Phase I Study of ALN-TTR01 in Transthyretin Amyloidosis- A Preview

(For a discussion of the phase I results, see here).

Alnylam is about to reveal results from its phase I study with ALN-TTR01 for the treatment of transthyretin amyloidosis (ATTR) at the Nov20-22 FAP meeting in Kunamoto, Japan. This blog provides a brief overview of the rational for RNAi Therapeutics in this disease and the importance of this particular study for the field of RNAi Therapeutics.

ATTR is an autosomal dominant amyloidotic disease due to point mutations (>100 possible) in the TTR gene. These mutations cause protein misfolding and aggregation into fibrils that, depending on which tissues they accumulate in, can cause various organ dysfunctions, most notably polyneuropathy (FAP), cardiomyopathy (FAC), and gastrointestinal/nutritional defects. For those that develop the disease, death is common 5-15 years following the emergence of disease symptoms (usually between 30 and 50 years of age). Although there is genotype-disease phenotype overlap, the most common mutation, Val30Met, strongly predisposes to FAP, while the Val122 is associated with FAC. About 10,000 patients suffer from FAP and 40,000 from FAC. As a rare genetic disease, it occurs in clusters, with FAP cases for example concentrated in Portugal, Sweden, and Japan.

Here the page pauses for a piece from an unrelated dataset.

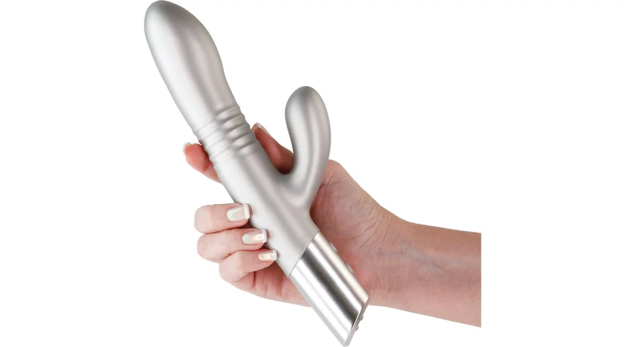 Kiváló minőségű anyagból készített, 14 vibrációs és 6 sebességi fokozattal rendelkező csiklóizgatóval kiegészített, csillogó felületű, gyönyörűen kivitelezett vibrátor, toló funkcióval.

Until recently, the only accepted treatment has been liver transplantation for FAP where removing the source of the mutant TTR in blood serum can reverse the polyneuropathy. Pfizer just got European approval for FAP with its small molecule TTR conformational stabilizer Vyndaqel based on slowing the rate of peripheral neuropathic impairment.

There exists, however, great need for additional therapies as Vyndaqel actually missed the primary endpoint in its pivotal study (the FDA did not accept the NDA for review earlier this year), and because liver transplantation is ineffective for FAC. The latter seems to be due to wildtype TTR still being able to deposit into pre-existing plaques, for example in heart tissue, at a rate that is higher than the turnover of the amyloidotic plaque. In fact, the amyloidotic potential of wildtype TTR is illustrated by the fact that it frequently causes spontaneous amyloidosis in elderly people (senile ATTR).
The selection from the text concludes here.